What you have to do :: Output every record exactly, apart from its images.

Records excerpted from a collection:
________________________
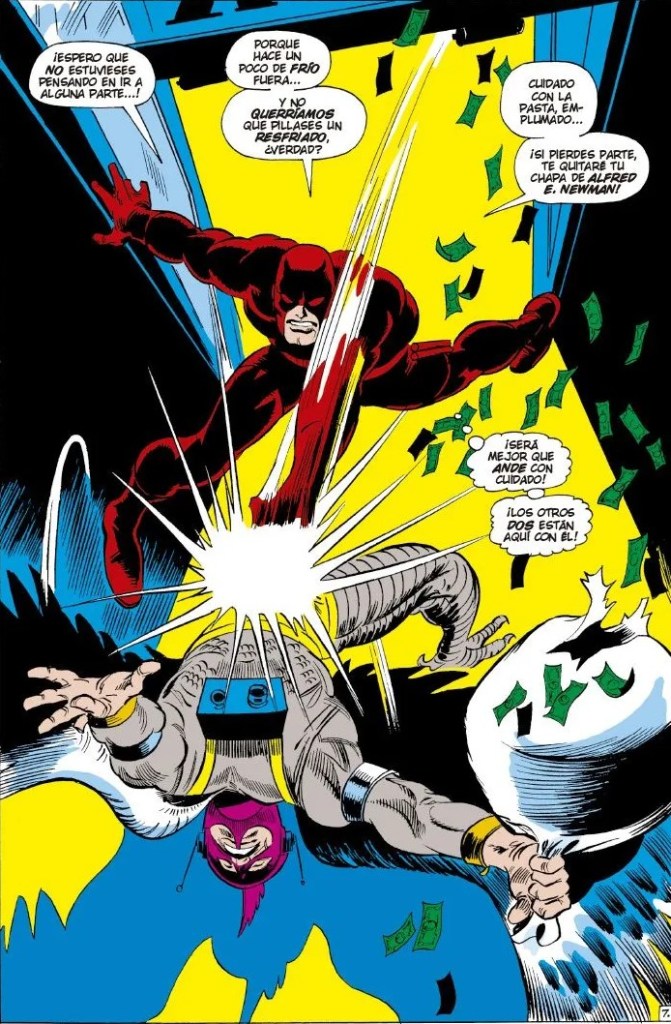El tomo recoge los números #40 al #45 de la serie original y empieza en todo lo alto. Daredevil contra los Tres Impíos, encabezados por un villano con nombre de peli de serie B, el Exterminador, que se toma tan en serio su trabajo que da ternura. Es el típico malo que grita sus planes en voz alta, da tiempo al héroe para escapar y aun así consigue mantener el suspense. El enfrentamiento es pura coreografía de Colan: saltos imposibles, poses de ballet con porra y sombras que parecen tener vida propia. No hay ni un momento para respirar, y cuando crees que ya has visto todo ¡Stan Lee saca otro truco de su sombrero! Porque tras derrotar al Exterminador, llega El Bufón. Sí, un tipo disfrazado de payaso que lanza trucos de feria y monólogos malos. Un villano que parece haber salido de una función de colegio pero que, contra todo pronóstico, funciona. Es tan ridículo que se convierte en icónico. Su debut es una de esos detalles marvelitas donde lo absurdo se abraza sin vergüenza. Daredevil, el héroe ciego más serio de la ciudad, luchando contra un bufón que hace reír solo por no tener gracia. Hay un tono de parodia, un sentido del humor interno que le da frescura al cómic. Daredevil se frustra, el Bufón improvisa, y nosotros disfrutamos del espectáculo con palomitas imaginarias.
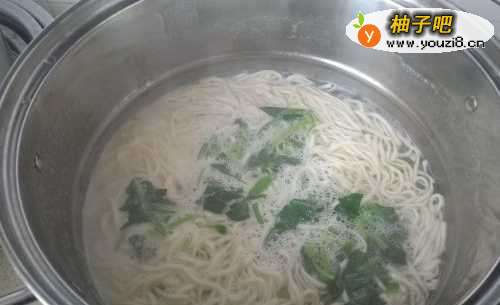 4煮面的水开了,我们把面条放进去,煮三分钟左右后,把菠菜放入一起煮,再煮3到5分钟面就好了。
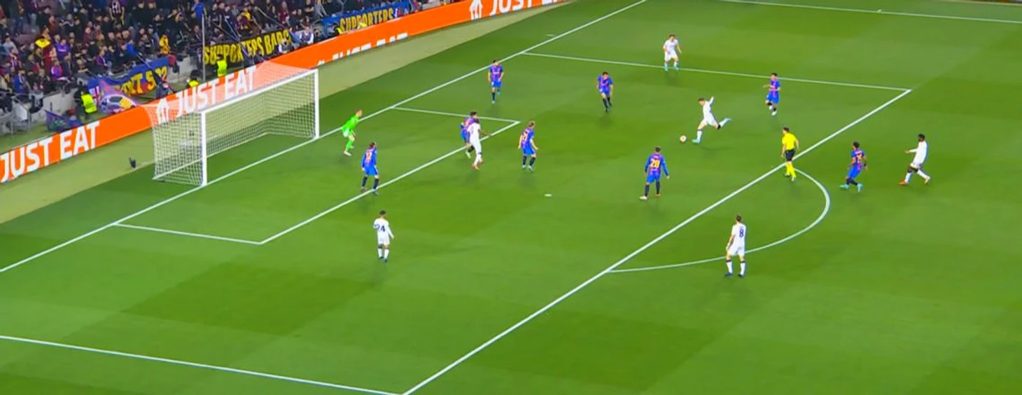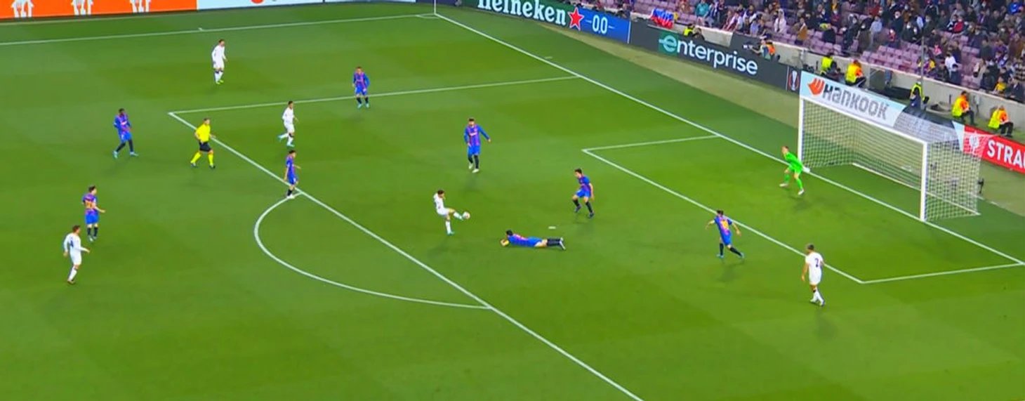 К сожалению, проблемы в обороне бывают у нас не только, когда соперник на всех парах мчит к владениям тер Штегена. В эпизоде с пропущенным голом Эльмас сначала обыгравшись с Зелински в одно касание, разом ушёл от Альбы, Гарсии и Педри, а потом уже самолично финтом эффектно обыграл вновь настигшего его Альбу. Эльмас снова отпасовал на Зелински и тот со второй попытки пробил тер Штегена из пределов штрафной. Вроде бы и полкоманды каталонцев у своих ворот, но в защите всё равно образуется целая просека для удара, чем и пользуется Пётр. Отдельно вопрос к Френки, который просто несколько секунд стоял и ничего не делал, хотя, у него была неплохая позиция, чтобы закрыть поляка и не дать ему ударить. Пике тоже будто на долю секунды застыл, когда Зелински добивал мяч в ворота.
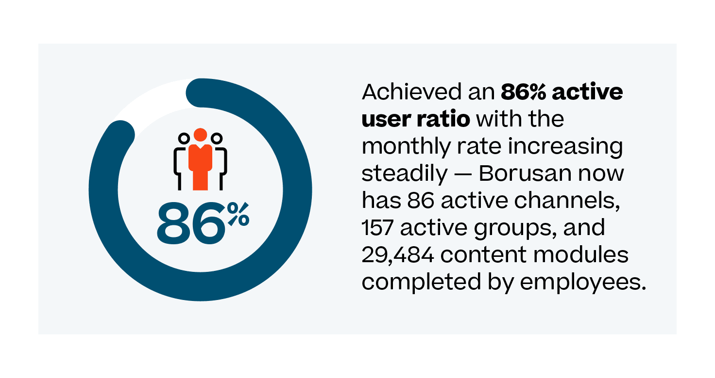La mise en œuvre des solutions Cornerstone a également permis d'améliorer considérablement la collaboration et la satisfaction d'apprendre au sein de Borusan Cat. Ilke Öztürk note que les experts référents de Borusan Cat sont prêts à jouer un rôle plus actif et à contribuer à la mémoire de l'entreprise, et que la rétention des connaissances est en constante augmentation. Cette hausse de l'engagement confirme l'efficacité des solutions Cornerstone quant à la promotion d'une culture de formation continue et de partage des connaissances au sein de Borusan Cat.
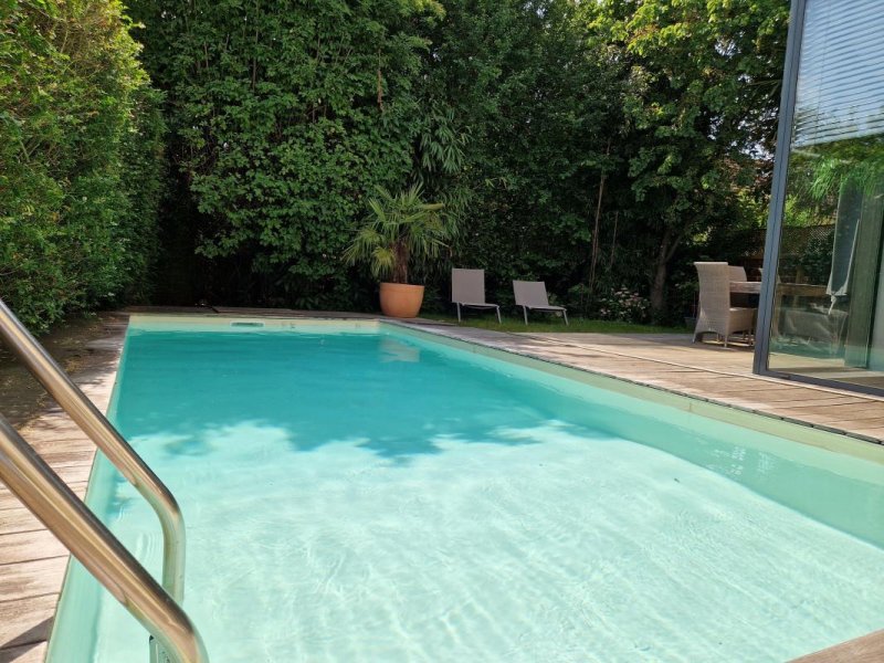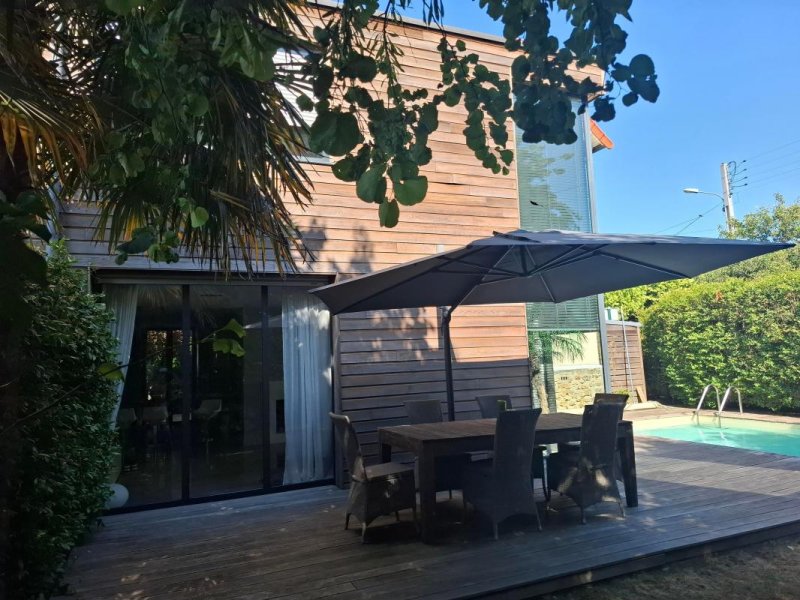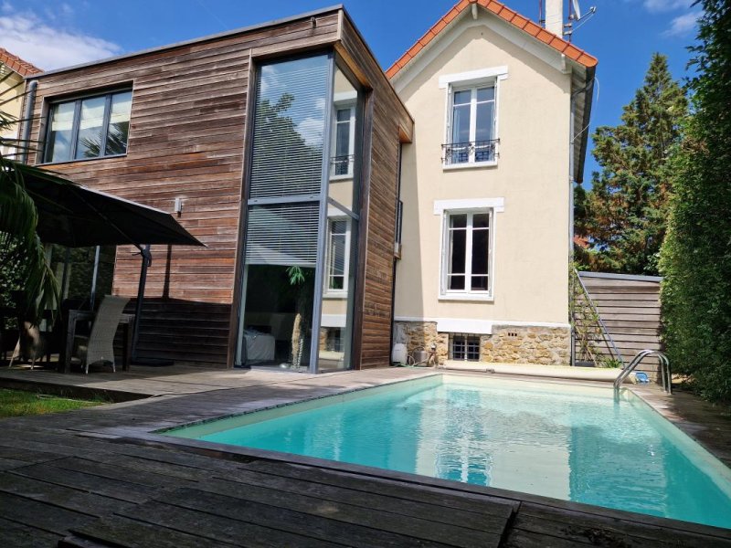Venez découvrir cette maison ancienne entièrement reconditionnée suite à un agrandissement moderne ouvert sur le jardin. Les espaces sont communiquant au rez-de-chaussée. Le hall d'entrée s'ouvre sur la réception moderne avec accès direct sur le jardin par de grandes baies vitrées. La cuisine professionnelle est ouverte avec un coin repas et est entièrement équipée. La salle à manger très cosy est indépendante. Au premier étage un palier mezzanine fait la liaison entre la maison ancienne avec trois chambres dont une petite, salle d'eau et WC et dans la partie neuve suite parentale, dressing, salle de bains avec douche et WC. Le jardin est intimiste, sans vis-à-vis et très bien organisé car d'un côté vous avez le style ancien avec gravillons et haies anciennes et de l'autre dans la verdure un deck entoure la piscine et permet de passer de bons moments entre la maison et le jardin engazonné.
________________________
Written solution ::
El tomo recoge los números #40 al #45 de la serie original y empieza en todo lo alto. Daredevil contra los Tres Impíos, encabezados por un villano con nombre de peli de serie B, el Exterminador, que se toma tan en serio su trabajo que da ternura. Es el típico malo que grita sus planes en voz alta, da tiempo al héroe para escapar y aun así consigue mantener el suspense. El enfrentamiento es pura coreografía de Colan: saltos imposibles, poses de ballet con porra y sombras que parecen tener vida propia. No hay ni un momento para respirar, y cuando crees que ya has visto todo ¡Stan Lee saca otro truco de su sombrero! Porque tras derrotar al Exterminador, llega El Bufón. Sí, un tipo disfrazado de payaso que lanza trucos de feria y monólogos malos. Un villano que parece haber salido de una función de colegio pero que, contra todo pronóstico, funciona. Es tan ridículo que se convierte en icónico. Su debut es una de esos detalles marvelitas donde lo absurdo se abraza sin vergüenza. Daredevil, el héroe ciego más serio de la ciudad, luchando contra un bufón que hace reír solo por no tener gracia. Hay un tono de parodia, un sentido del humor interno que le da frescura al cómic. Daredevil se frustra, el Bufón improvisa, y nosotros disfrutamos del espectáculo con palomitas imaginarias.
 4煮面的水开了,我们把面条放进去,煮三分钟左右后,把菠菜放入一起煮,再煮3到5分钟面就好了。
 К сожалению, проблемы в обороне бывают у нас не только, когда соперник на всех парах мчит к владениям тер Штегена. В эпизоде с пропущенным голом Эльмас сначала обыгравшись с Зелински в одно касание, разом ушёл от Альбы, Гарсии и Педри, а потом уже самолично финтом эффектно обыграл вновь настигшего его Альбу. Эльмас снова отпасовал на Зелински и тот со второй попытки пробил тер Штегена из пределов штрафной. Вроде бы и полкоманды каталонцев у своих ворот, но в защите всё равно образуется целая просека для удара, чем и пользуется Пётр. Отдельно вопрос к Френки, который просто несколько секунд стоял и ничего не делал, хотя, у него была неплохая позиция, чтобы закрыть поляка и не дать ему ударить. Пике тоже будто на долю секунды застыл, когда Зелински добивал мяч в ворота.
La mise en œuvre des solutions Cornerstone a également permis d'améliorer considérablement la collaboration et la satisfaction d'apprendre au sein de Borusan Cat. Ilke Öztürk note que les experts référents de Borusan Cat sont prêts à jouer un rôle plus actif et à contribuer à la mémoire de l'entreprise, et que la rétention des connaissances est en constante augmentation. Cette hausse de l'engagement confirme l'efficacité des solutions Cornerstone quant à la promotion d'une culture de formation continue et de partage des connaissances au sein de Borusan Cat.
Venez découvrir cette maison ancienne entièrement reconditionnée suite à un agrandissement moderne ouvert sur le jardin. Les espaces sont communiquant au rez-de-chaussée. Le hall d'entrée s'ouvre sur la réception moderne avec accès direct sur le jardin par de grandes baies vitrées. La cuisine professionnelle est ouverte avec un coin repas et est entièrement équipée. La salle à manger très cosy est indépendante. Au premier étage un palier mezzanine fait la liaison entre la maison ancienne avec trois chambres dont une petite, salle d'eau et WC et dans la partie neuve suite parentale, dressing, salle de bains avec douche et WC. Le jardin est intimiste, sans vis-à-vis et très bien organisé car d'un côté vous avez le style ancien avec gravillons et haies anciennes et de l'autre dans la verdure un deck entoure la piscine et permet de passer de bons moments entre la maison et le jardin engazonné.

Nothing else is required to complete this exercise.